::: DATASET RECORDS :::

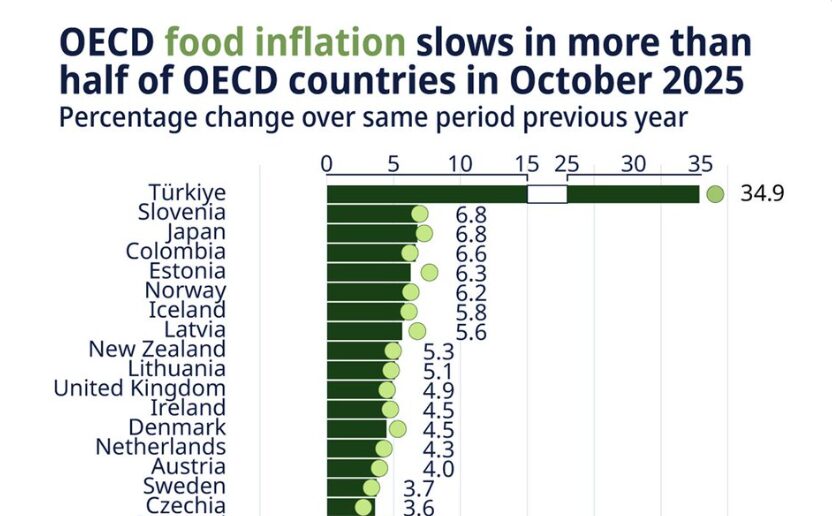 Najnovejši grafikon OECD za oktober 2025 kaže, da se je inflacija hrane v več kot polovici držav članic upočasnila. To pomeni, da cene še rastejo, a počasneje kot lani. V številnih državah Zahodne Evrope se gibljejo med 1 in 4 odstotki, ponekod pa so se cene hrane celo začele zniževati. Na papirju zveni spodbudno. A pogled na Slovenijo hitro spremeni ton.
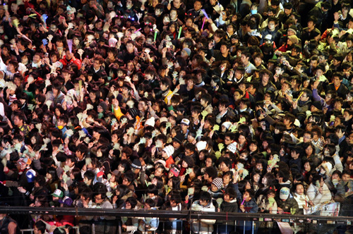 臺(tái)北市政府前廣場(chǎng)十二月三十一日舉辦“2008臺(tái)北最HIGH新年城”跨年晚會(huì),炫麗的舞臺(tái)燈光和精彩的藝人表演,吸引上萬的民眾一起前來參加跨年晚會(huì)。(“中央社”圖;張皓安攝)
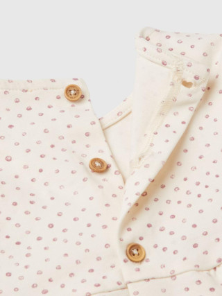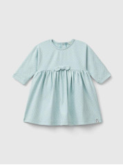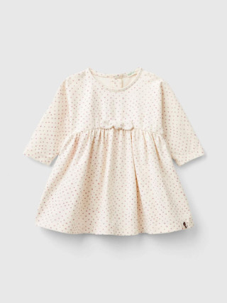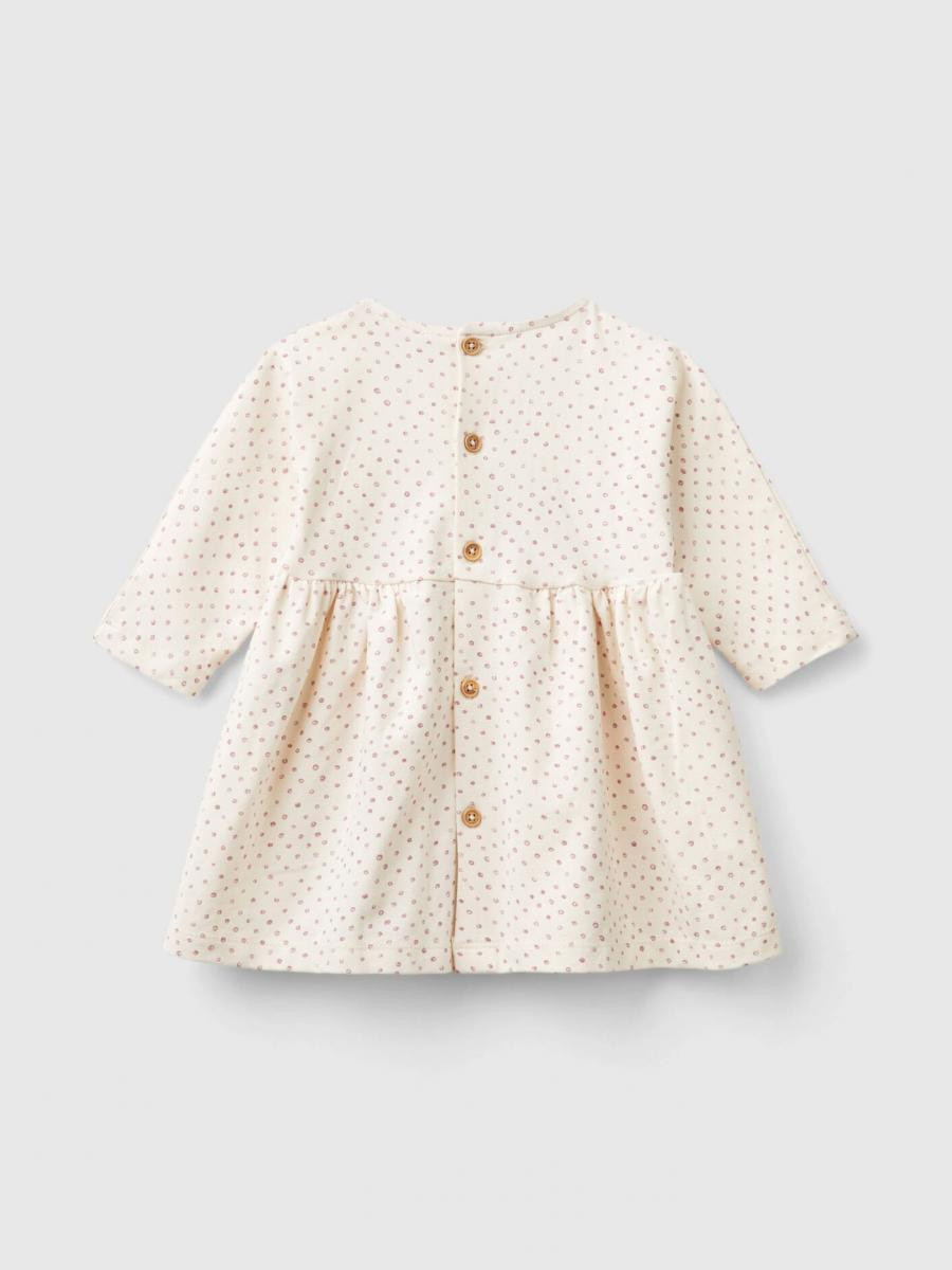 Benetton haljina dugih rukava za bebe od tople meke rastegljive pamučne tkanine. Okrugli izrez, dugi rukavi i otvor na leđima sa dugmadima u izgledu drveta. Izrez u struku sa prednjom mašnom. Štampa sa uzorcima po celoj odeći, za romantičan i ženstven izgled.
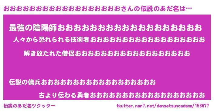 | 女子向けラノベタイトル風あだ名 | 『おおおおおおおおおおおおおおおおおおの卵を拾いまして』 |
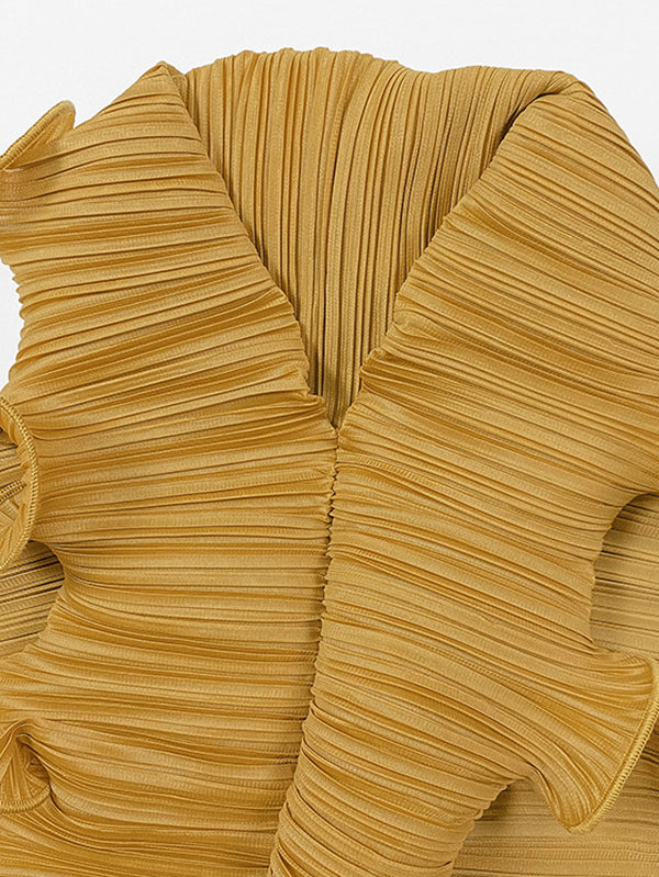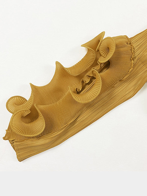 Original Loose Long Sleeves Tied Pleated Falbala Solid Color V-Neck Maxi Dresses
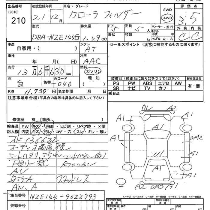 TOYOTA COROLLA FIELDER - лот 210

:::

## TASK OBJECTIVE
What you output should match the records line for line, minus the pictures.

## EXERCISE RESPONSE
 Najnovejši grafikon OECD za oktober 2025 kaže, da se je inflacija hrane v več kot polovici držav članic upočasnila. To pomeni, da cene še rastejo, a počasneje kot lani. V številnih državah Zahodne Evrope se gibljejo med 1 in 4 odstotki, ponekod pa so se cene hrane celo začele zniževati. Na papirju zveni spodbudno. A pogled na Slovenijo hitro spremeni ton.
 臺(tái)北市政府前廣場(chǎng)十二月三十一日舉辦“2008臺(tái)北最HIGH新年城”跨年晚會(huì),炫麗的舞臺(tái)燈光和精彩的藝人表演,吸引上萬的民眾一起前來參加跨年晚會(huì)。(“中央社”圖;張皓安攝)
 Benetton haljina dugih rukava za bebe od tople meke rastegljive pamučne tkanine. Okrugli izrez, dugi rukavi i otvor na leđima sa dugmadima u izgledu drveta. Izrez u struku sa prednjom mašnom. Štampa sa uzorcima po celoj odeći, za romantičan i ženstven izgled.
 | 女子向けラノベタイトル風あだ名 | 『おおおおおおおおおおおおおおおおおおの卵を拾いまして』 |
 Original Loose Long Sleeves Tied Pleated Falbala Solid Color V-Neck Maxi Dresses
 TOYOTA COROLLA FIELDER - лот 210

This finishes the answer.